Obituary: Stuart Mitchel

IssueDecember 2005 - January 2006
Comment by Jeff Cloves

I first met my dear friend Stuart “Mitch” Mitchel in 1965 when he was teaching at St Albans College of Further Education. Now, 40 years later, Mitch has died in his sleep (I'd guess he was in his early 80s but he regarded age as an irrelevance) and Beryl and their four children and seven grandchildren have lost a strikingly original, handsome and intelligent companion.

Mitch taught at the College until he retired and never ceased to be a polite, determined, constant irritant to the educational establishment. Well, all establishments come to that. Earlier, he'd gone to prison for nuclear civil disobedience - he was London convenor of the Committee of 100 - and he remained an occasional contributor to Peace News.

Motorbikes and philosophy

Mitch came from a naval family in Portsmouth and served - below decks - during WW2. Later, he distinguished himself by coming out as a pacifist while still in uniform and was discharged. When I met Mitch he called himself an anarchist (he later returned to Marxism) and his libertarian approach to teaching attracted me to him immediately.

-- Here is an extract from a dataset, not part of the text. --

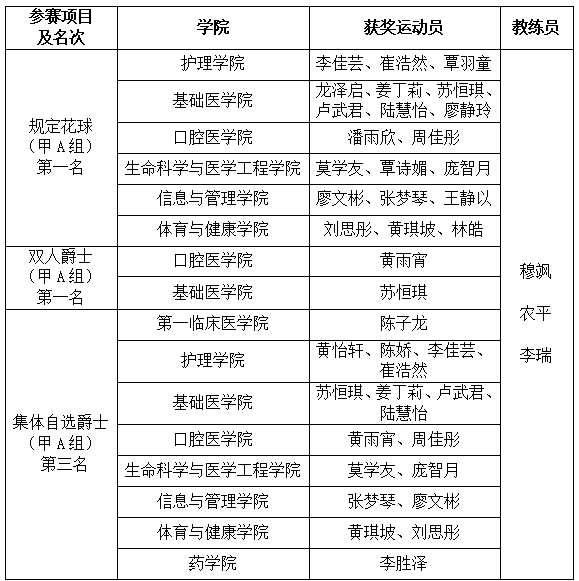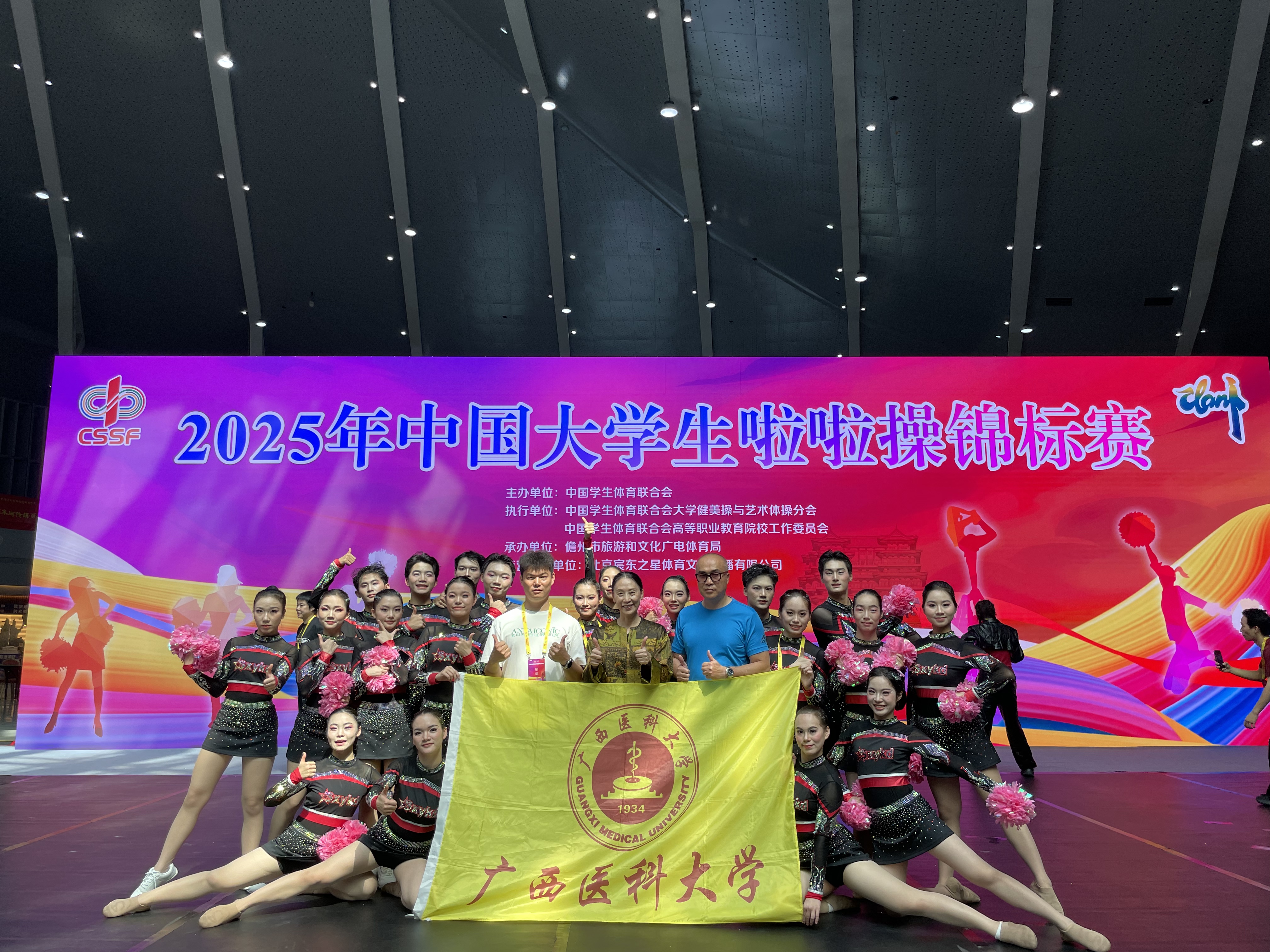 在此次中国大学生啦啦操锦标赛中,我校代表队的优异成绩不仅是学校体育教学与训练成果的集中展现,更是医大学子团结协作、奋勇拼搏精神的生动诠释。这些荣誉的背后,离不开教练员们的悉心指导、运动员们的刻苦训练,以及学校对体育工作的高度重视。未来,我校空灵啦啦队将带着这份荣耀,继续拼搏,为校争光;体育与健康学院将以此为契机,持续深耕教学与训练,不断提升竞技水平与项目影响力,为中国大学生体育事业的发展注入更多力量!

In fact he was a vegetarian ascetic - a stoic really - who somewhere along the way had taken a degree in philosophy at London, travelled to Algeria by motorbike (his daughter Bella was named for the liberation leader Ben Bella) and committed himself to permanent opposition to war.

His life, of course, was paradoxical; he still had a photo of Stalin on the piano when we first met. When Bella was born he refused to register her birth and gave his age in moon years when he taken to court. Beryl and he educated her - and Nikita, Natasha, and Maxim - at home, and they've grown up to be as talented as their parents. Beryl is now a solicitor and Mitch wrote - and discussed philosophy at the University of The Third Age - until the very end.

Poet and essayist

His novel, Clerks in Lowly Orders (Gollancz), was a success d'estime in the early 60s and he'd intended to live the life of a writer. In fact, apart from occasional journalism, nothing else was published though he wrote several more novels. Mitch was philosophical about his lack of (material) success and continued to write poetry and essays - many concerned with war and peace - which he'd send me by post. He used to claim - not entirely flippantly - that the basis of a good friendship was never to meet and only correspond. He'd discourage us from calling on him but, in the event, was pleased when we did.

Wonderfully idiosyncratic company, he made us laugh a lot - usually intentionally. Shelley was one of his great loves and Mitch introduced his poetry and politics to me. His late fatherhood was also my inspiration and I liked and admired him from the off.

Unforgettable

Mostly his students were liberated by him, but some of his more conservative male students couldn't cope with the freedoms his teaching offered. Mitch stuck to his (metaphorical) guns though, and I doubt any were unaffected by him. I certainly wasn't and I loved his poems too. He was an unfashionable writer; immune to literary trend and celebrity but engaged and quirky.

Two things stand out about him above all: his constancy in the way he lived his life and his proper adherence to his philosophic ideals. He was an instinctive nonconformist and quite unforgettable.